Rent A Scooter See some of the beautiful Goan countryside by hiring a scooter for the day (or season!).
Arrival in Goa is usually at the airport in Dabolim, or the train station in Margao. A pre-paid taxi is the best way to reach Goan destinations from Dabolim. Consider sharing with other travellers for a cheaper rate. If you are on a tight budget take a taxi as far as Panjim and continue from there on public transport.
From Margao take the frequent bus to Panjim (you will need to queue to buy a ticket before boarding). From here you can connect to Mapusa by local bus. Alternatively, hop on a train to Mapusa's nearest train station, Thivim, and take a rickshaw or bus into town.

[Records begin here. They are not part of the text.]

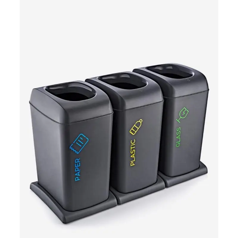 Mobilny kosz do segregacji 3×40 L to funkcjonalny i trwały system segregacji odpadów, idealny do mieszkań, biur, szkół oraz przestrzeni wspólnych. Zestaw składa się z trzech wyraźnie oznaczonych komór: na papier, szkło oraz plastik, co ułatwia codzienny recykling i pozwala zachować porządek.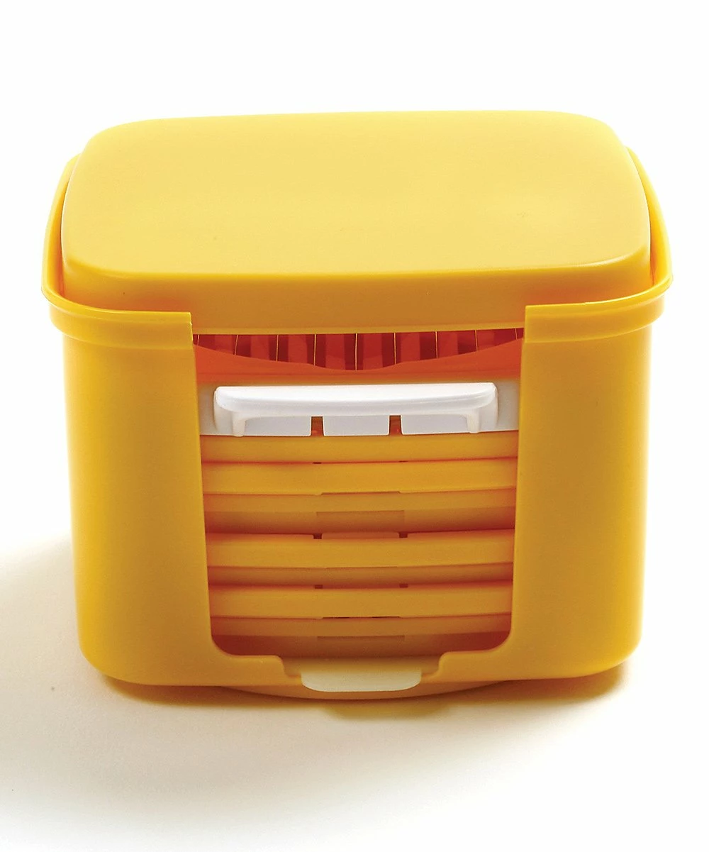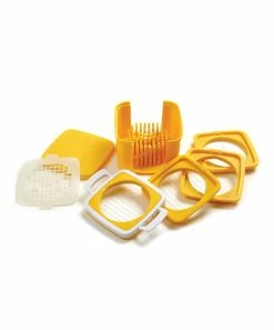 - Includes slicing box, handle, lid and four interchangeable wire blades
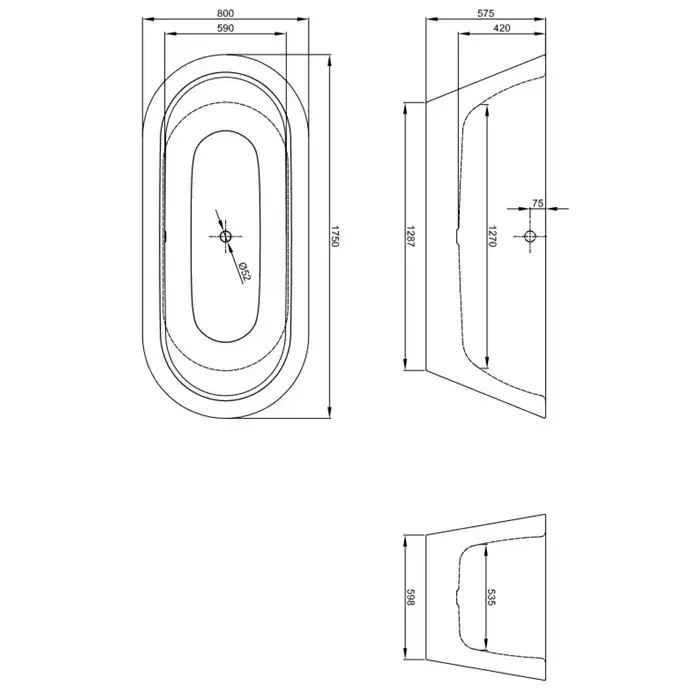 BETTE Starlet Oval Silhouette Ванна отдельностоящая с шумоизоляцией и экраном 175х80, цвет: белый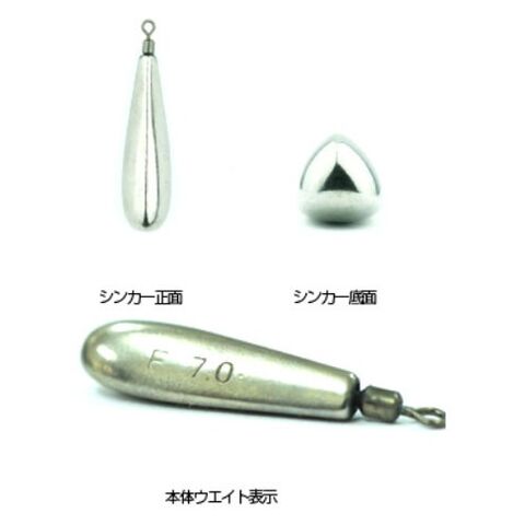ラインはハリス止めを採用し、結びコブを引っ掛けるだけの簡単セットが可能。形状は、底部に重心がある縦長形状。縦長にする事でシンカーの根がかりを回避しつつも、沈下速度を妨げない。また、本体断面は三角形となっている。ボトムで横倒しになった際、不用意に転がりにくい形状だ。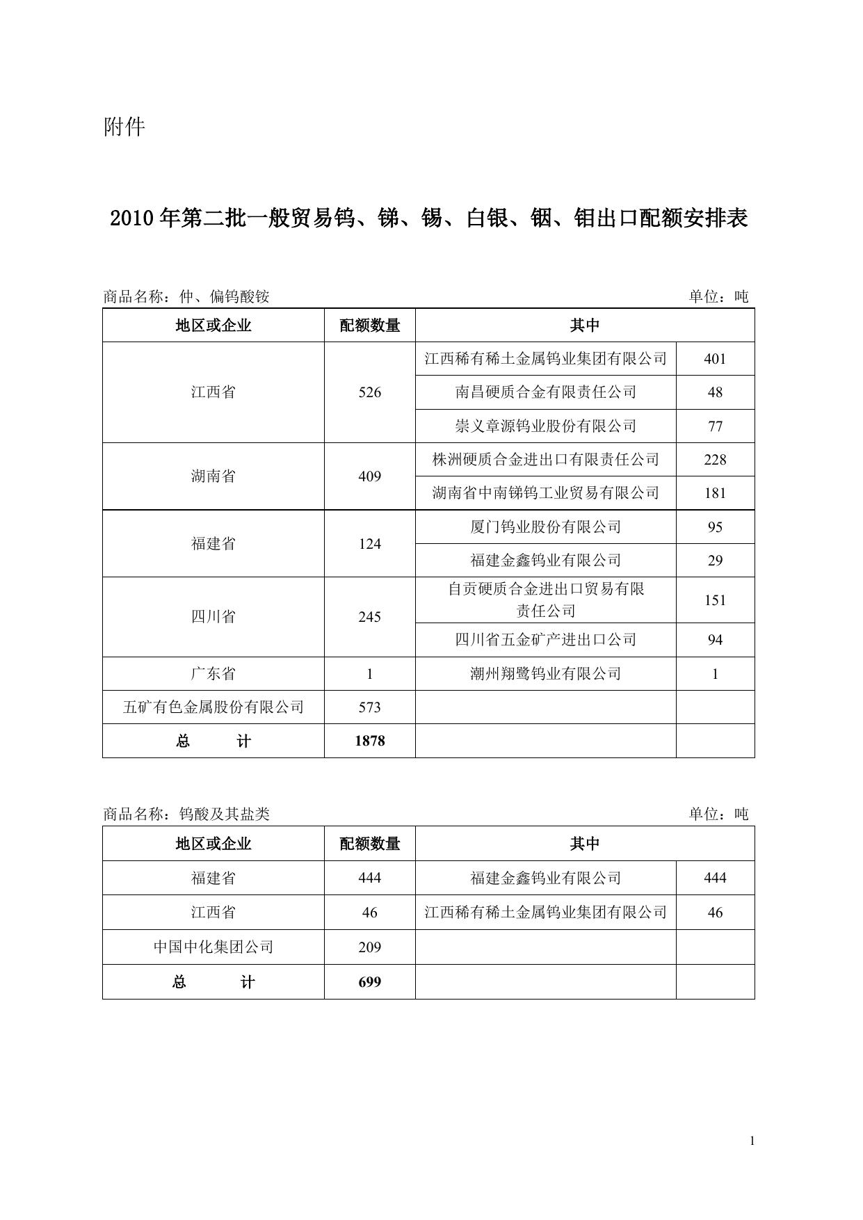 2010年第二批一般贸易钨、锑、锡、白银、铟、钼出口配额安排表.doc

Once in Mapusa, frequent buses leave for destinations all over north Goa. Ask around to find the right bus, and buy your ticket on board. Fares are usually no more that R.10 between most destinations. A rickshaw from Mapusa to Anjuna will cost R.300+ (agree on a price before travel).
You will probably be dropped off at Starco's Junction - from here it is a short walk west towards Anjuna beach.
Places To Eat
Anjuna is home to some of our favourite places to eat in north Goa with the road leading from Mapusa/Calangute towards the sea offering some particularly tempting dining options.
Blue Tao serves delicious pizzas, fresh salads, home-made gnocchi and pesto to die for. Further down the road, as you approach the sea, a small cafe to your right, Yash's Cafe, does great Israeli breakfasts and is becoming increasingly popular in the evening. Starco's offers accommodation and its small, leafy restaurant tucked away off the road does authentic Indian food and good steaks in an intimate, friendly environment - but watch out for mosquitos!
A favourite with us, the Sea Queen is one of Anjuna's most popular restaurants. The extensive menu is great - tandoori items are especially good. The chef at the tandoor oven looks out over the diners as he cooks, and a large screen shows two films a night, usually new releases but some classics are thrown in from time to time. Staff are invariably friendly and the atmosphere is addictive.
Avalon Sunset on the sea front at the north side of Anjuna beach is one of the best sea-facing options, with stunning views over the rocks and good calzone pizzas.
The famous German Bakery in south Anjuna serves health drinks, tofu dishes, good coffee and cakes and has WIFI. Great place to go for some breakfast before the Wednesday Anjuna Market which is nearby.
Long-stay travellers in north Goa will no doubt appreciate the well stocked supermarket in Anjuna. It is north from the main crossroads in Anjuna (called Starco Junction, where all the buses leave from) about 100m up the road on the left - before you reach the police station.
Places To Drink / Party
Paradiso's is about the only place in Anjuna to dance / drink until the small hours, though week nights are sometimes empty. The ethereal decor and sea-front location attract Bombaites and travellers alike. Women often get free entry and complimentary drinks.
Curlies on the sea front is an atmosperic bar / eatery that sometimes puts on parties and is a great place to watch the sunset and the crowds, especially after the Anjuna flea market on Wednesdays. Expect the psychedelic sounds and relaxed ambience that make Anjuna so damn appealing!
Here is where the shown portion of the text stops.